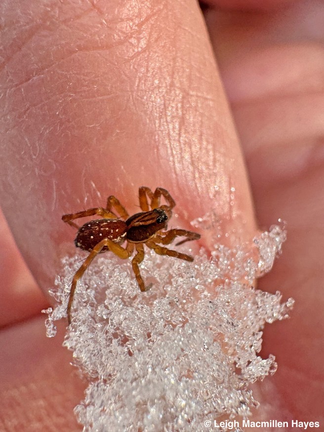 The question is: how does a tiny critter with such a fragile looking body and legs survive in these temps? I’ve read that some spider species can lower their bodies’ freezing point by producing a cryoprotectant, Glycerol, a natural anti-freeze compound that lowers the temperature at which their tissues will freeze.
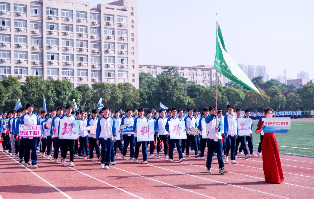 上午8时30分,在慷慨激昂的《运动员进行曲》中,三旗仪仗队迈着铿锵有力的步伐经过主席台接受检阅,英姿飒爽,整齐划一;裁判员方队紧随其后,精神抖擞,意气风发;各参赛代表队方阵依次入场,整齐的队伍、嘹亮的口号、充满创意的入场方式,展现了陕科大师生蓬勃向上、锐意进取的精神风貌。
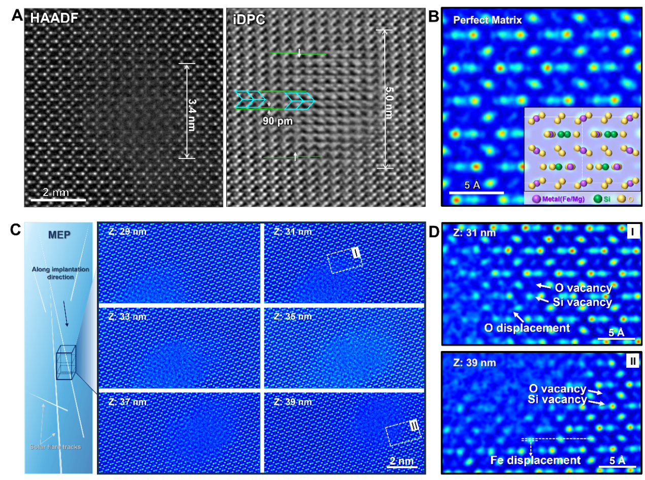 通过能量滤波多片电子织构成像获取深度方向上的原子结构,发现刻痕区域截面内发生了铁、氧、硅原子空位的形成与铁、硅原子的随机位移,打破了晶体对称性,并在高能粒子注入深度方向上这种原子结构的对称性破缺呈现随机性。如此变化,大大降低了结构演化的能垒,提高了物质转化的可能性;

Aim of the exercise.
Nothing but the listing, copied exactly and stripped of its images, should appear in the response.

Answer space.
 The question is: how does a tiny critter with such a fragile looking body and legs survive in these temps? I’ve read that some spider species can lower their bodies’ freezing point by producing a cryoprotectant, Glycerol, a natural anti-freeze compound that lowers the temperature at which their tissues will freeze.
 上午8时30分,在慷慨激昂的《运动员进行曲》中,三旗仪仗队迈着铿锵有力的步伐经过主席台接受检阅,英姿飒爽,整齐划一;裁判员方队紧随其后,精神抖擞,意气风发;各参赛代表队方阵依次入场,整齐的队伍、嘹亮的口号、充满创意的入场方式,展现了陕科大师生蓬勃向上、锐意进取的精神风貌。
 通过能量滤波多片电子织构成像获取深度方向上的原子结构,发现刻痕区域截面内发生了铁、氧、硅原子空位的形成与铁、硅原子的随机位移,打破了晶体对称性,并在高能粒子注入深度方向上这种原子结构的对称性破缺呈现随机性。如此变化,大大降低了结构演化的能垒,提高了物质转化的可能性;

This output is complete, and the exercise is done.